Но Ахумдус благополучно ушла в высоту.
Весь город покрыл глубокий снег. Торговец вывесил в витрине магазина плакат:
"Ввиду неожиданного наступления зимы дешевая распродажа осенних и летних товаров!" Девочки лепили снежных баб с морковными носами. Мальчики играли в снежки.
Мы с Ахумдус влетели через форточку в комнату гостиницы, откуда нынешней ночью начали путешествие.
Глава шестая
ВОЗВРАЩЕНИЕ К УЧИТЕЛЮ И ПРОЩАНИЕ
Антимизерин
— За дело! — прожужжала Ахумдус.
Вместе с ней мы понатужились — раз… два… дружно, раз… два, — перевалили таблетку антимизерина на торец и покатили к краю стола.
Таблетка упала и разбилась на множество осколков. Ахумдус перенесла меня на пол, а сама улетела в свой домик.
Я стал, не разжевывая, глотать кусочки антимизерина, валявшиеся кругом.
И сразу увеличился в десять, двадцать, сто раз.
И почувствовал себя великаном, хотя был еще ниже стула. Я глотал кусочки антимизерина и все рос и рос. Казалось, я дорос до неба, и если выйду на улицу, то придется наклонять голову, чтобы не сбить солнца. А на самом деле, я как был до всех этих событий небольшого роста, так и остался. Даже сделался на шесть сантиметров ниже, потому что несколько крошек антимизерина укатились и их не удалось отыскать.
Я не огорчился тем, что стал меньше, потому что дал себе слово до конца жизни не глядеть ни на каких принцесс, даже если в мире были бы другие принцессы.
А раз ты одинок — какая разница, высокий ли ты или маленький! Никому до этого нет дела.

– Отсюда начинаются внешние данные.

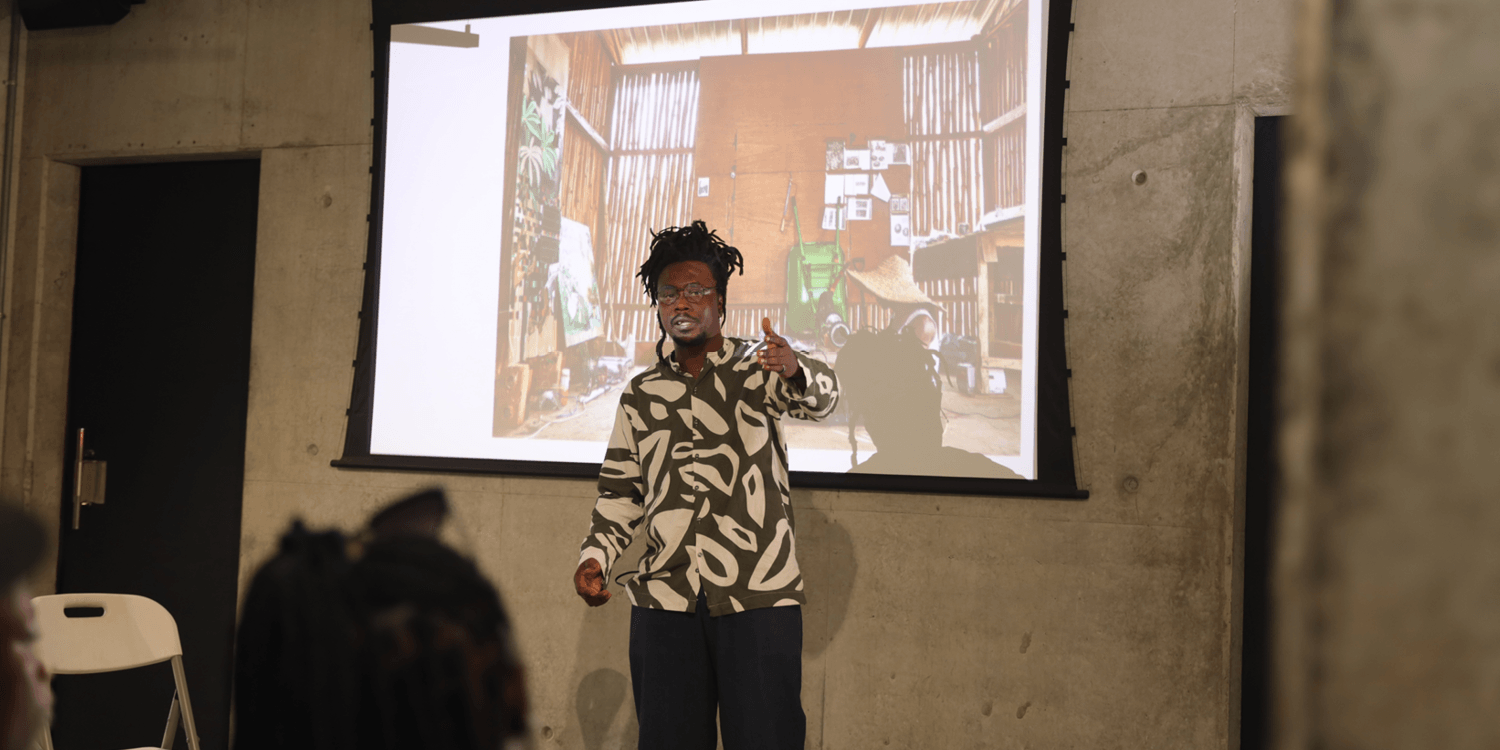 The afternoon opened with a welcome address from Residency and Project Manager Adekunle Adeoboye, who situated G.A.S. within broader conversations on local innovation. He offered an overview of G.A.S. Foundation’s mission and its role within the local cultural and ecological context. Jonathan Chambalin followed with an introduction to his practice, sharing insights from his Food to Power series, a project that explores decentralized energy generation using woven plant fibers derived from ewedu stalks. His presentation reflected on how industrialisation and rapid urban growth continue to reshape the ways communities engage with food systems and energy production.

— Пора, — прожужжала Ахумдус, но я не мог так просто проститься с ней, столько раз спасавшей мне жизнь. Я попросил ее подождать минутку и сбежал по лестнице в буфет. За стойкой спал толстый буфетчик. С трудом я растолкал его. Но он только проворчал: "Подождете до утра", и опять захрапел. Тогда я схитрил; ведь и простак может кое-чему научиться.
Я снова растолкал толстяка и сказал ему:
— Просто у вас нет варенья и никогда не было, а то, что было, прокисло и съедено мышами. А вы обыкновенный хвастун.
Он прямо задохнулся от возмущения.
— Это у нас-то, в нашем знаменитом буфете нет варенья?
Через минуту передо мной оказался поднос, где стояли тарелочки со всеми сортами варенья, какие только есть на свете.
Ахумдус проворчала: "Зачем все это?", но я отлично видел, как она обрадовалась.
Ну и пир у нас получился!
Потом я отнес Ахумдус в Бюро проката скаковых мух.
— Нет ли жалоб? — спросил заведующий.
Я ответил, как думал, что Ахумдус — самая прекрасная, смелая и мудрая муха на свете.
— Прощай, мой мальчик, — прожужжала Ахумдус.
— Прощай, сестричка! — ответил я.
Учитель
Я вышел на улицу и пошел туда, куда показывал флюгер. Снег растаял, пригрело солнце. В магазине, где висел плакат "Ввиду неожиданного наступления зимы дешевая распродажа осенних и летних товаров", вывесили другое объявление:
"Так как лето вернулось, дешево продаются зимние вещи".
Улица вывела меня к вокзалу. У окошка кассы я сообразил, что не знаю, до какой станции ехать. Но из окошка выглянул наш Голубь, которого я, конечно, сразу узнал, хотя и не подал вида.
Кассир-Голубь протянул билет, вышел из своего помещения и провел к поезду.
В пустом купе я лег и сразу уснул. После минувшей ночи спал я так крепко, что проводник с трудом растолкал меня. На перроне ждал Ворон. На этот раз ему не пришлось нести меня в клюве: я немножко научился верховой езде и летному делу, когда летал с Ахумдус.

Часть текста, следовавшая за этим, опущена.